Unlocking Ultrafast-Kinetics Asymmetric Heterojunction with Multi-anionic Redox Chemistry Enables High Energy/Power Density and Low-Temperature Zinc-Ion Batteries

Abstract

The development of high-performance Zn-ion batteries is hindered by sluggish reaction kinetics and inadequate redox activity in conventional vanadium-based cathodes. Herein, a thermal oxidation phase-engineering strategy is proposed to construct a comprising VSSe core and oxygen-enriched VO2 and V2O5 interfaces-phase heterojunction cathode. This unique architecture leverages a significantly increased specific surface area, which facilitates rapid electrode-electrolyte interactions and boosts pseudocapacitive contributions. This integrated structure, featuring optimized coordination environments and interfaces, promotes synergistic multi-anionic (S/Se/O) and cationic (V) redox activity and facilitates efficient charge transfer across the interfaces, overcoming intrinsic limitations of capacity and structural instability often observed in single-phase materials, especially during prolonged cycling. This optimized cathode achieves a record-high reversible capacity of 432 mAh g-1 at 1 A g-1, surpassing mild-oxidized and over-oxidized VSSe counterparts.
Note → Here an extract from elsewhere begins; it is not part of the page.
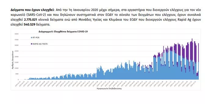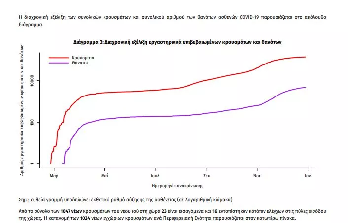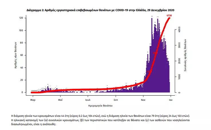 Τέλος, έχουμε 58 ακόμα καταγεγραμμένους θανάτους και 4730 θανάτους συνολικά στη χώρα. 1923 (40.7%) γυναίκες και οι υπόλοιποι άνδρες. Η διάμεση ηλικία των θανόντων συμπολιτών μας ήταν τα 79 έτη και το 95.5% είχε κάποιο υποκείμενο νόσημα ή/και ηλικία 70 ετών και άνω.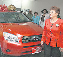 El primer carro se va hacia Calle Arriba de Los Pozos, Herrera. Hercilia es la poseedora de un confortable Toyota Rav 4. Con toda emoción narró que fue su hija Amelia Crespo de Ureña, billetera desde hace 15 años, le regaló un pedacito del billete. Ella, Amelia, también se ganó unos B/2,000.

Remarkably, it retains 80% capacity after 14000 cycles at 30 A g-1 under cryogenic condition of -10°C, demonstrating unprecedented low-temperature durability. The structure-function relationship of heterojunction driven by enhanced p-d orbital hybridization and spin polarization effects at the heterointerfaces, contributing to the improved redox activity and kinetics. This work establishes a design paradigm for engineering multi-phase heterojunction electrodes with tailored surface area and interfacial properties for next-generation energy storage systems.